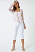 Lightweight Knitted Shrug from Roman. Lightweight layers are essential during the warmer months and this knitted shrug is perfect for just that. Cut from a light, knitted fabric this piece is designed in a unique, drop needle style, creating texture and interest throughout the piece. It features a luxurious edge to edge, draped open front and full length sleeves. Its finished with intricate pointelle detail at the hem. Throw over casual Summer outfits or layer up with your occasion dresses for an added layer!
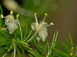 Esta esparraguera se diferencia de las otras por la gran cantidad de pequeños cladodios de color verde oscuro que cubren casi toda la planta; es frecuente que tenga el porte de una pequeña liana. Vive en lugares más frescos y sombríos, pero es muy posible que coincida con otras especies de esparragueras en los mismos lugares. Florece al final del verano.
---
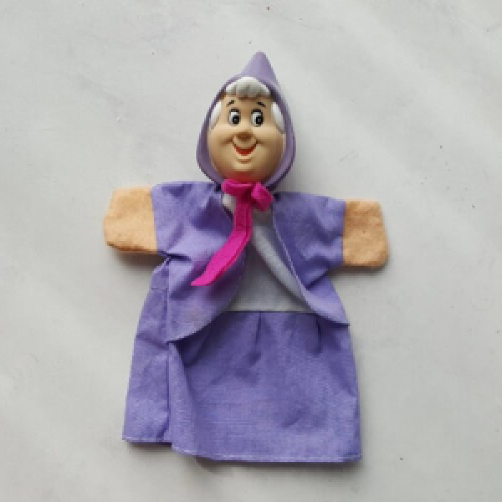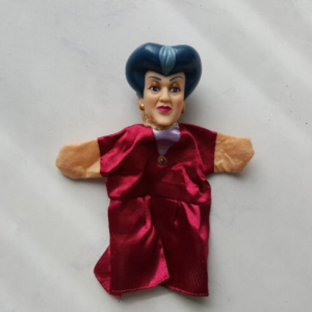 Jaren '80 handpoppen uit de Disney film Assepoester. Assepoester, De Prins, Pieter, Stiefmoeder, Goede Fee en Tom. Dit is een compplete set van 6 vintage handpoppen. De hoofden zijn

Task to carry out — Restate word for word the lines of the data above that begin at the line with "Lightweight Knitted Shrug" and end at the line with "Esta esparraguera se", keeping both ends and dropping every picture.

Exercise output —
 Lightweight Knitted Shrug from Roman. Lightweight layers are essential during the warmer months and this knitted shrug is perfect for just that. Cut from a light, knitted fabric this piece is designed in a unique, drop needle style, creating texture and interest throughout the piece. It features a luxurious edge to edge, draped open front and full length sleeves. Its finished with intricate pointelle detail at the hem. Throw over casual Summer outfits or layer up with your occasion dresses for an added layer!
 Esta esparraguera se diferencia de las otras por la gran cantidad de pequeños cladodios de color verde oscuro que cubren casi toda la planta; es frecuente que tenga el porte de una pequeña liana. Vive en lugares más frescos y sombríos, pero es muy posible que coincida con otras especies de esparragueras en los mismos lugares. Florece al final del verano.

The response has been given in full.